De repente cuestiones como si odias más a papá por ser un homófobo intolerante o a mamá por ser la persona más mezquina del mundo empiezan a perder sentido en favor de cuestiones como ¿aguantará esta cuerda mi peso?
Andrea, que no había practicado rapel en su vida, pidió que la bajaran muy despacio al fondo de la cueva. En parte por el miedo que tenía, y en parte porque quería buscar ángulos diferentes para sus fotos.
—Vale, chicos. Parad un poquito. Tengo una buena —gritó alzando un poco la cabeza.
La cuerda se detuvo.
Bajo sus pies se encontraban aún los restos de la miniexcavadora, como el juguete destrozado de un niño. Parte del brazo sobresalía en un ángulo extraño, y aún había restos de sangre en el destrozado parabrisas.
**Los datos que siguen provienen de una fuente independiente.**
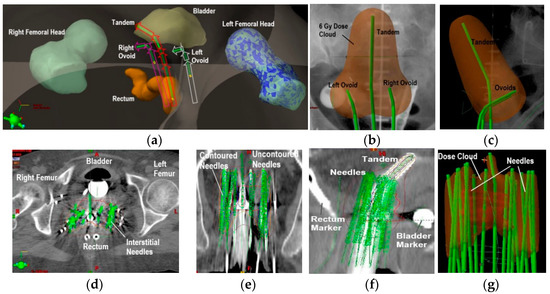 Three-dimensional computer rendering of a tandem-and-ovoids brachytherapy treatment generated from a patient’s CT scan. Femoral heads, bladder, and rectum structures are depicted. The arrows in the green structures indicate the radiation treatment is administered with the source at the most distal dwell position (or farthest inside the applicator) first per applicator channel (a). A calculated 6 Gy prescription dose distribution (pear shape) for a tandem-and-ovoids (green structures) is shown in a coronal (b) and sagittal views (c). Axial CT image depicting interstitial brachytherapy needles for cervical cancer treatment (d). Coronal (e) and sagittal images (f) are also shown. Depiction of a 6 Gy prescription dose calculated from the dose contribution of all the interstitial needle channels (g).

Andrea apartó el objetivo, porque
odio la sangre, la odio
su falta de ética profesional tenía límites. Enfocó hacia el fondo de la cueva, pero cuando iba a disparar comenzó a dar vueltas.
—¿No podéis estaros quietos? No hay manera de enfocar así.
—Señorita, no es usted ninguna pluma, ¿sabe? —dijo Brian Hanley, en lo alto. Él y Tommy Eichberg estaban bajándola con ayuda de un fulcro—. Creo que será mejor que sigamos.
—¿Vaya, hombre, no sois capaces de manejar mis 55 kilos? Parecéis más fuertes que todo eso —dijo Andrea, que siempre había sabido cómo manipular a los hombres.
—Pesa bastante más de 55 kilos —refunfuñó Hanley en voz baja.
—Lo he oído —dijo Andrea, haciéndose la ofendida.
Estaba tan excitada por lo que estaba viviendo que le resultaba imposible enfadarse con Hanley. El trabajo de iluminación de la cueva que había realizado el electricista era soberbio, hasta tal punto que Andrea desechó completamente el flash. Aumentando un poco la sensibilidad podría tomar fotos espectaculares de la fase final de la expedición.
No puedo creerlo. Estamos sólo a un paso del mayor descubrimiento de todos los tiempos y la foto que aparecerá en todas las portadas será la mía.
La periodista contemplaba el interior de la cueva por primera vez. El lugar desde el que Pappas había calculado trazar un túnel en diagonal sobre la presumible posición del Arca se había encontrado de manera abrupta con una cavidad natural en la tierra que bordeaba las paredes del cañón.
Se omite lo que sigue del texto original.